1軍に昇格してすぐにフェンス直撃の二塁打を放ったデビュー戦は「どぎまぎするようなことはなかった」といい、快打の後は楽天・岸のチェンジアップに連続三振を喫し、「裏を突かれた。岸さんの投球と嶋さんの配球にやられた」。そこには「無我夢中で振りました」「無心でいきました」といった新人にありがちな青臭さはない。そのレベルが既に投手との駆け引きといった域にあるのは、「懐が深い。なめていったらやられる」(嶋)とスライダー、カーブ、チェンジアップとあらゆる球種を使って仕留めにかかったバッテリーの攻めが物語っていた。

同月9日に右翼席に鋭く突き刺した初アーチも「いろいろと打席を重ねてきて打てたホームランなので、まぐれではないと思う」と言い切った。ここまで立った71打席のうち三振は28個に上るが、頭の中がぐちゃぐちゃになっての結果というよりは、狙い球を絞ってしっかりと振りにいってのものだった。焦りから中途半端に当てにいったような打撃は数えるほどしかなかった。五里霧中のままプロの世界をさまよったわけではなく、栗山監督も「前に進んでいる」とことあるごとに評価していた。
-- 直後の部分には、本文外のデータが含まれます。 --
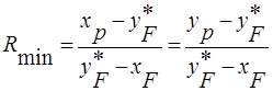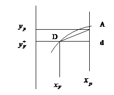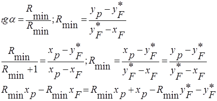 Расчёт Rmin. Величина отрезка В = х р/(R+1 ) зависит от R. С изменением R рабочая линия занимает положения в интервале DE. Выше точки D рабочая линия проходить не может, так как движущая сила становится отрицательной(y* - y <0), что не имеет физического смысла. В точке D движущая сила равна 0. Рабочая линия отсекает отрезок Bmax = y p/(Rmin+1). С увеличением R → ∞ отрезок В → 0 и точка пересечения рабочих линий Е лежит на диагонали диаграммы. Число флегмы, при котором работает реальный аппарат Rmin < Rg < Rmax = ∞. Найдём Rmin. Из точки D проведём горизонтальную линию.

成績自体、過去の超高校級といわれた打者と比べても悲観するものではない。70打席時点で3割2分8厘の打率を挙げた大谷翔平(当時日本ハム)は例外として、元巨人の松井秀喜がルーキーイヤーに今の清宮と同じ70打席に達したのは2軍落ちを経た9月初旬。その時点の打率は1割7分6厘、打点は8である。侍ジャパンの主砲に成長した筒香嘉智(DeNA)は1年目は3試合出場で10打席にとどまり、2年目に計70打席に到達した時点の通算打率は2割1分。高校時代は怪物ともてはやされようとも、プロの投手から初対戦でぽんぽんとスタンドに運べるほど甘い世界ではないのだ。清宮の場合、開幕前に腹膜炎で入院し、一時は体重も大きく減らしていたことを考えれば、この時期に試合に出続けられたこと自体が驚異的ともいえる。
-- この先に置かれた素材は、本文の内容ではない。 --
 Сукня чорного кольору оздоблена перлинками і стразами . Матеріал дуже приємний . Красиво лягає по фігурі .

プロ初本塁打を放ち、大勢の報道陣に囲まれる清宮。その受け答えも新人離れしている=京セラドーム

さすがに疲れも気にかけていた栗山監督は「経験したことを頭を真っ白にして整理する状況をつくってあげたい」としてファームに送り出した。1年目の6月下旬にいったん降格した松井は8月下旬に再昇格すると、9月以降は32試合で8本塁打21打点と早くも開眼し、2年目には全試合に出場し打率2割9分4厘、20本塁打を放って4年ぶりのリーグ優勝に貢献した。真っすぐに振り負けていると自覚し「いろいろな経験を生かしていく」と2軍施設の千葉・鎌ケ谷に向かった清宮も、降格後さっそく6試合で5本塁打と2軍ではレベルの違いを数字で示している。

チームは前評判を覆して首位に肉薄、上位争いに絡んでいる。しびれるようなペナントレース終盤となりそうな今季、この19歳がいつ、どんな姿で1軍に戻ってくるのか。そんな期待感を抱かせて「清宮劇場」の第1幕が閉じた。